In a previous article, The Climbers' Clinic exposed potential health risks linked with climbing chalk dust in indoor climbing gyms. It was shown that magnesium carbonate dust concentrations largely surpass all environmental and governmental ambiant air standards.
Due to their sub 10 micron size, magnesia dust particles are small enough to deposit in the lungs gas exchange region. Symptoms such decreased expiratory lung function was documented and industrial product safety notice report respiratory tract irritation, coughing or shortnerss of breath as a result of exposure. (1)(2) Moreover, a portion of magnesium carbonate particules are smaller than 2.5 microns, to which no safe level exist; meaning that health adverse effects can occur at any exposure level (3). This is a concern with more kids participating in indoor rock climbing as well a people from diverse health backgrounds.
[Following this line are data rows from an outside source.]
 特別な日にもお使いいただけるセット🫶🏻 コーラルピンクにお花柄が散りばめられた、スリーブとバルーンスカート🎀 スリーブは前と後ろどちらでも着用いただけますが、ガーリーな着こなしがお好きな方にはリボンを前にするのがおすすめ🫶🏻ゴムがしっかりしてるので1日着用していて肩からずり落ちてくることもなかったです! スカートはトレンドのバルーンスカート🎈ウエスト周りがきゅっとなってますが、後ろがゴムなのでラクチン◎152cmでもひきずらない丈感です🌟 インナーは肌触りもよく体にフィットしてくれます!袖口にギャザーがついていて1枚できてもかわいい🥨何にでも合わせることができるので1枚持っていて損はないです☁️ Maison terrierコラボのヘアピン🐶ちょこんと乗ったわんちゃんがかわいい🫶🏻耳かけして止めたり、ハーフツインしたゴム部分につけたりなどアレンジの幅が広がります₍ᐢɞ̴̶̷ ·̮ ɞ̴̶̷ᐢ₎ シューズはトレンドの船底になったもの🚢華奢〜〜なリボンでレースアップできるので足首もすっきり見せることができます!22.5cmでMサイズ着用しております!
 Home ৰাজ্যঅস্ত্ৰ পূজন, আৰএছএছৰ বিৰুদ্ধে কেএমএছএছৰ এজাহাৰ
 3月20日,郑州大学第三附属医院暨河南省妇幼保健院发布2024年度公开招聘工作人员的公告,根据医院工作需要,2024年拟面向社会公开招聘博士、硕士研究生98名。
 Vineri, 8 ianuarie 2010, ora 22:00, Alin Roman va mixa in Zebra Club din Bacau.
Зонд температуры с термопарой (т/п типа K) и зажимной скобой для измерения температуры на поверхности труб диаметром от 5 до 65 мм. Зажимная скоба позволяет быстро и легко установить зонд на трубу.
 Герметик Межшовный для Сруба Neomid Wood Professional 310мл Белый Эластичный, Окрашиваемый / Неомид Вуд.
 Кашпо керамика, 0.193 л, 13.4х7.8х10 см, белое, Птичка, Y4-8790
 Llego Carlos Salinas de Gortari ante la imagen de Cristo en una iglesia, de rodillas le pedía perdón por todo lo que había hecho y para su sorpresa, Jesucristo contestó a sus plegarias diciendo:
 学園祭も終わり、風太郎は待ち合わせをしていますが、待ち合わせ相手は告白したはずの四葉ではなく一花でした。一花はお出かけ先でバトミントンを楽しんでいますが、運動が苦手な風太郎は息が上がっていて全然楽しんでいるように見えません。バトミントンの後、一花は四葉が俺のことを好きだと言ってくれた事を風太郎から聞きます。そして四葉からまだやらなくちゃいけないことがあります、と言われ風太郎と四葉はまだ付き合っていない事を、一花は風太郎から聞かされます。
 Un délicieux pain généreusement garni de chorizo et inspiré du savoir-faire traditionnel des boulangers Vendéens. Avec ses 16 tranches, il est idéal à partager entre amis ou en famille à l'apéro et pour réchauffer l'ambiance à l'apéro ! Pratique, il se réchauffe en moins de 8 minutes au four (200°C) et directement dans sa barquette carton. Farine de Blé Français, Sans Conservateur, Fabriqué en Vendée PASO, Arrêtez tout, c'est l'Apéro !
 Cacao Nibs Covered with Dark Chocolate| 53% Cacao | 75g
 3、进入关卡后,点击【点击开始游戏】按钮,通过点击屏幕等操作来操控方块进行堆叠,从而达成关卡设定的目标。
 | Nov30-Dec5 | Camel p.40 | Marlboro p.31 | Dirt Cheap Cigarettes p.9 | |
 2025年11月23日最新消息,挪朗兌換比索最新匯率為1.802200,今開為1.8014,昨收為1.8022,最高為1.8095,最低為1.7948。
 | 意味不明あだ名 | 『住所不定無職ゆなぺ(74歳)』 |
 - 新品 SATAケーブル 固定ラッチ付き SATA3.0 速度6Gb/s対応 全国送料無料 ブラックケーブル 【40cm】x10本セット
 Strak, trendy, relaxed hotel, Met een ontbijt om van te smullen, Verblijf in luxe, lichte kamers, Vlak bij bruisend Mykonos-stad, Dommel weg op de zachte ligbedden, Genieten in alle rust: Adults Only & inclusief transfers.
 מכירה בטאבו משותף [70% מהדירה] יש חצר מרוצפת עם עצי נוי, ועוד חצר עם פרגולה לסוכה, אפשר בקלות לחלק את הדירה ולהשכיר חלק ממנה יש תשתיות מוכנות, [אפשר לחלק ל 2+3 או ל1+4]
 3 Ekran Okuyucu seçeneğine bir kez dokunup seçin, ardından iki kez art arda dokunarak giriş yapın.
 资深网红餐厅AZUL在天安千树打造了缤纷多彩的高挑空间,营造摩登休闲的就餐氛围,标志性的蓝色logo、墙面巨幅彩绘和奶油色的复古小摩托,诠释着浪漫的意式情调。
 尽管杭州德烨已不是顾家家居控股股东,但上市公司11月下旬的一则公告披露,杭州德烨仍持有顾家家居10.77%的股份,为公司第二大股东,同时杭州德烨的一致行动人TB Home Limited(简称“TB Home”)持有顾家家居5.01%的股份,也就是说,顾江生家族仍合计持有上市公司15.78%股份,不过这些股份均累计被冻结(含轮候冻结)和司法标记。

According to the EPA (United States Environmental Protection Agency) indoor particulate matter concentration would be expected to be the same as, or lower than, outdoor levels. (4)
The Climbers' Clinic has prepared a list of healthy behaviours for climbers and strategies for gym owners in order to improve indoor air quality in climbing facilities.
Individual responsibilities
What strategies were proven beneficial?
Weinbruch et al (2012) tested several magnesia dust reduction strategies: ban climbing chalk use, liquid chalk only, block chalk only, powdered chalk, sieved chalk and chalk balls only. According to their results, liquid chalk use and no chalk at were both very effective in keeping dust levels low. A reduction of 70% of dust concentration was measured with either one of these conditions. It was even more effective than turning the ventilation system on! (5)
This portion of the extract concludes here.